Господи, да он еще и заикается! А я и не знала. Гумилев мне об этом не говорил. Но Кузмин, справившись с первым приступом заиканья, уже плавно катится со стихотворения на стихотворение, лишь изредка налетая на риф какой-нибудь трудности, рассыпаясь звуковыми брызгами:

                                  На-на-навек сказали вы грациозно                                  И показали на з-з-звезду…

Я вслушиваюсь. И вот мне уже кажется, что именно так, с придыханиями, захлебываниями и заиканиями, и надо читать его стихи. Так просто. Так ласково и уютно. Не заставляя себя просить. Еще и еще. И лицо его становится совсем другое, чем только что там, в гостиной, – маленькое, милое, загримированное старостью, с полузакрытыми глазами. Глазами – окнами в рай? Не знаю. Сейчас я ни за что не поручусь.

Домой я, как всегда, возвращаюсь с Гумилевым.

– Как вам понравился Кузмин? – спрашивает он.

– Не знаю, – совершенно искренно отвечаю я.

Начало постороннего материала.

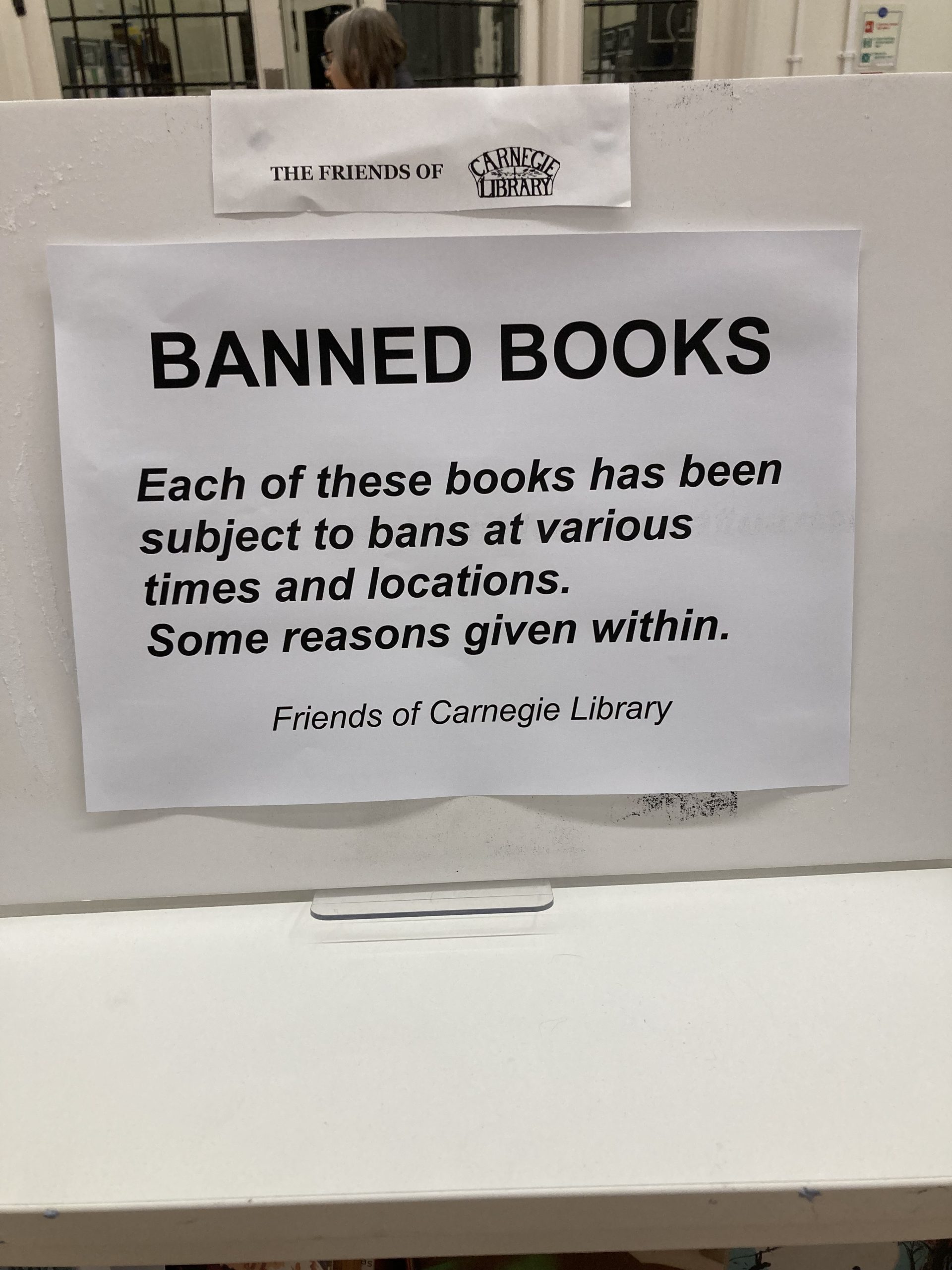 The Friends have put together an exhibit of books which have been banned at various times and in various places. Copies of the books have been gathered from the library's collection and inside each one of them is a note with background on when and where they have been banned and the sometimes strange reasons given for doing so. This exhibit was inspired by the Banned Books Project @Carnegie Mellon University and the American Library Association's Banned Book Week (just passed).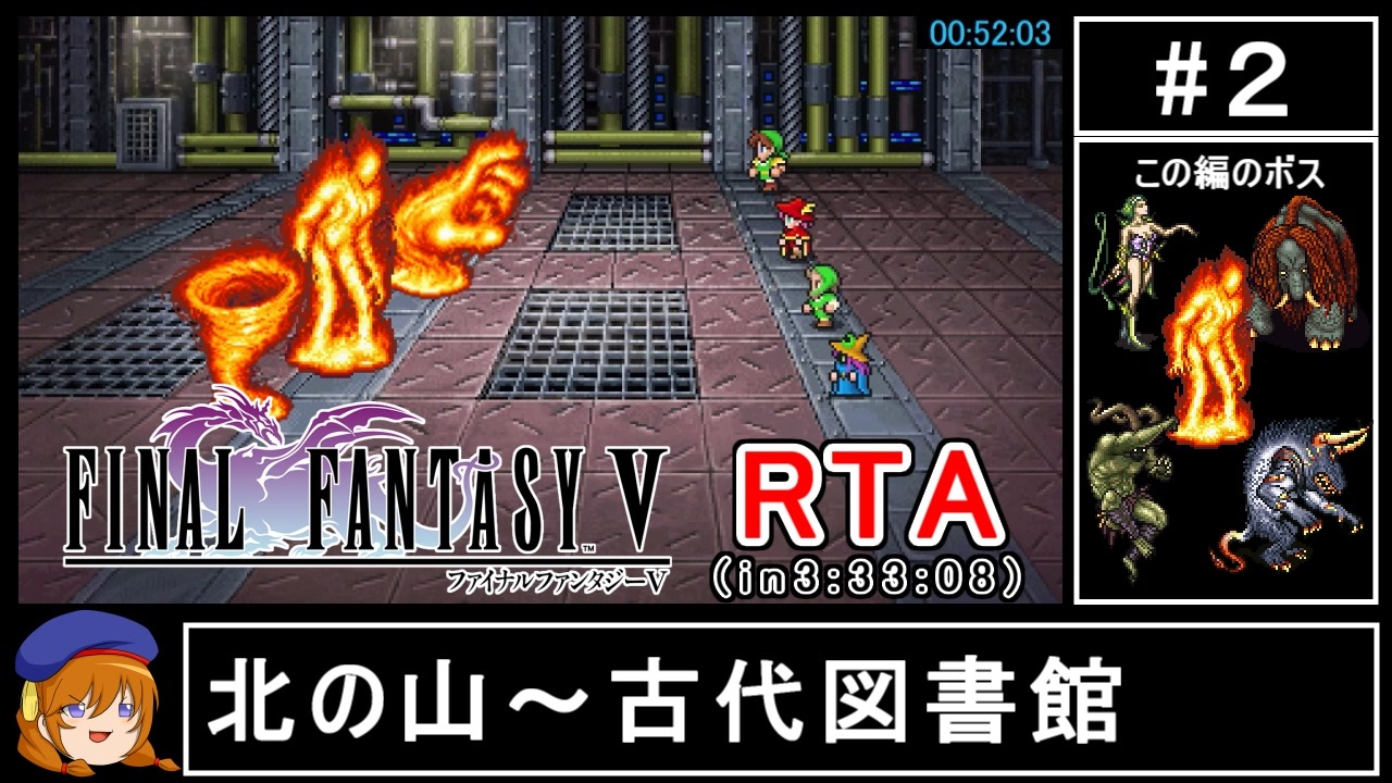 ネタバレあり<br><br><s>ゲーム音量を2割ほど下げてみました。<br>これでもバランス悪かったらセンセンシャル!</s><br>ミスって調整できてませんでした…<br><br>シーフでのダッシュ移動速度が速すぎて<br>ガバ移動が絶えないRTA<br><br>次→<a href="https://www.nicovideo.jp/watch/sm44143422" class="watch">sm44143422</a><br>前→<a href="https://www.nicovideo.jp/watch/sm44097090" class="watch">sm44097090</a><br><br>シリーズ→<a href="https://www.nicovideo.jp/series/486236" target="_blank" rel="noopener">series/486236</a><br><br>© SQUARE ENIX<br>LOGO ILLUSTRATION:© YOSHITAKA AMANO<br>「記載されている会社名・製品名・システム名などは、各社の商標、または登録商標です。」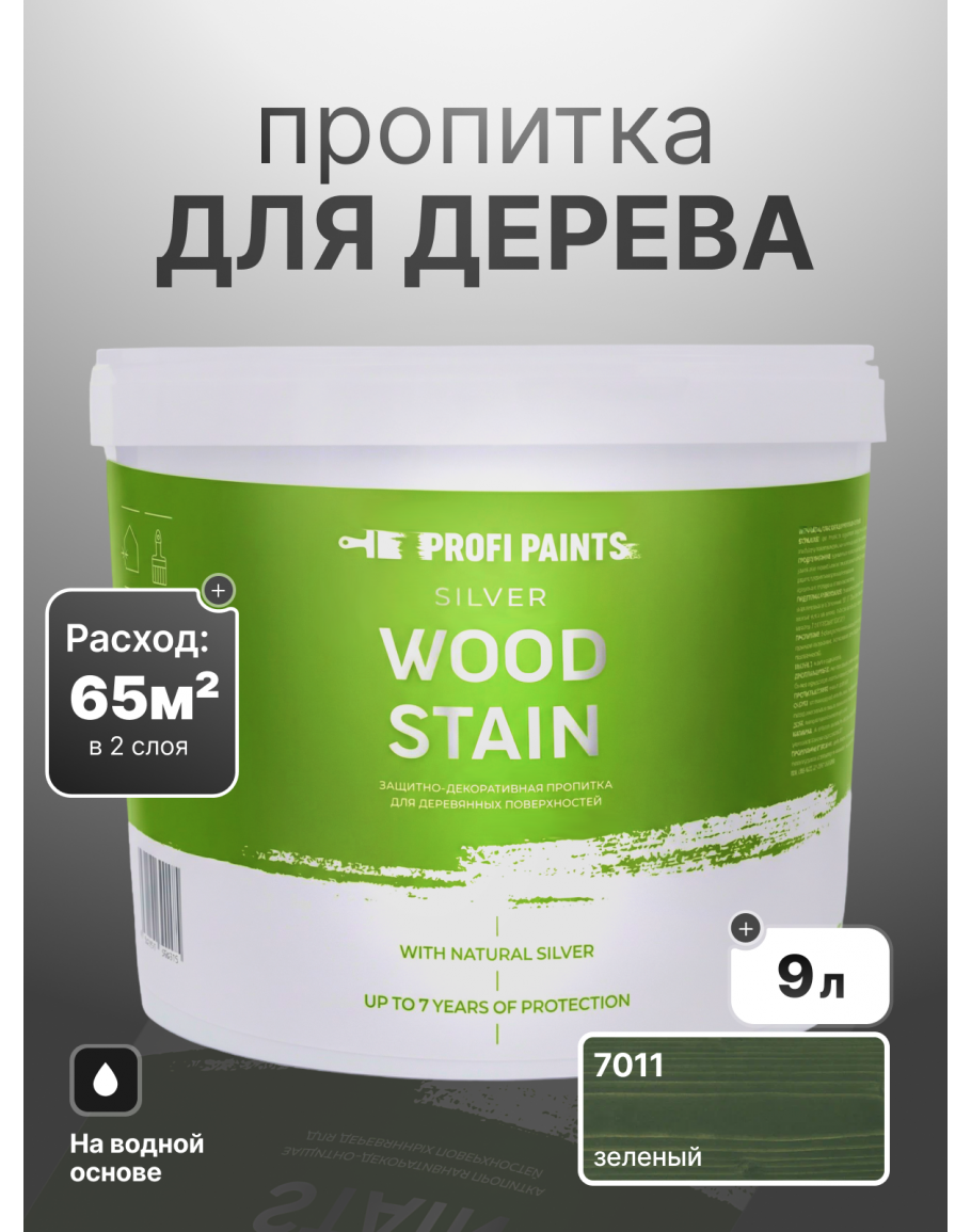 Теги: Пропитка для дерева лессирущая с антисептиком без запаха ProfiPaints SILVER WOOD STAIN 9лЗелёныйSILVER WOOD STAIN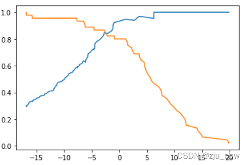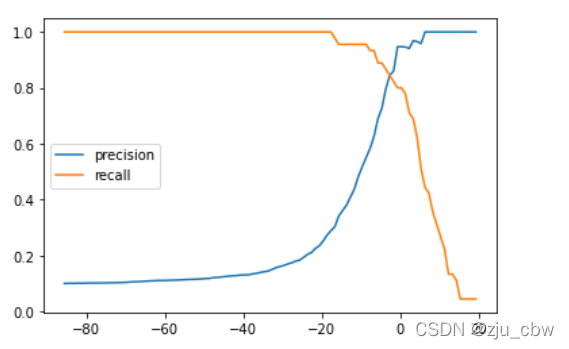 通过上面程序输出结果可以发现返回的精准率和召回率与阈值的长度不一致,这是因为在sklearn中会自动取合适的阈值范围内计算准确率和召回率,而且默认的最大值为1和最小值为0,没有对应的threshold,因此这就是为什么thresholds比precisions和recalls长度少1,因此在绘图的时候需要注意。

Гумилев недовольно морщится:

– Вы просто не умеете его оценить.

Да. Не умею и никогда не сумею. Мое первое впечатление о нем оказалось решающим. И я так до сих пор еще не знаю, нравился ли он мне или нет. Вернее, нравился и не нравился в одно и то же время.


Сырой, холодный октябрьский день 1920 года. Я сижу в столовой Дома литераторов за длинным столом над своей порцией пшенной каши.

Я стараюсь есть как можно медленнее, чтобы продлить удовольствие. Каша удивительно вкусна. Впрочем, все съедобное кажется мне удивительно вкусным. Жаль только, что его так мало. Конечно, я могу попросить еще порцию каши – мне в ней не откажут.

Но для этого пришлось бы сознаться, что я голодна. Нет, ни за что.

Во мне, как в очень многих теперь, неожиданно проснулась «гордость бедности» – правда, «позолоченной бедности». Ведь мы все еще прекрасно одеты и живем в больших барских квартирах. Но боже, как мы голодаем и мерзнем в них.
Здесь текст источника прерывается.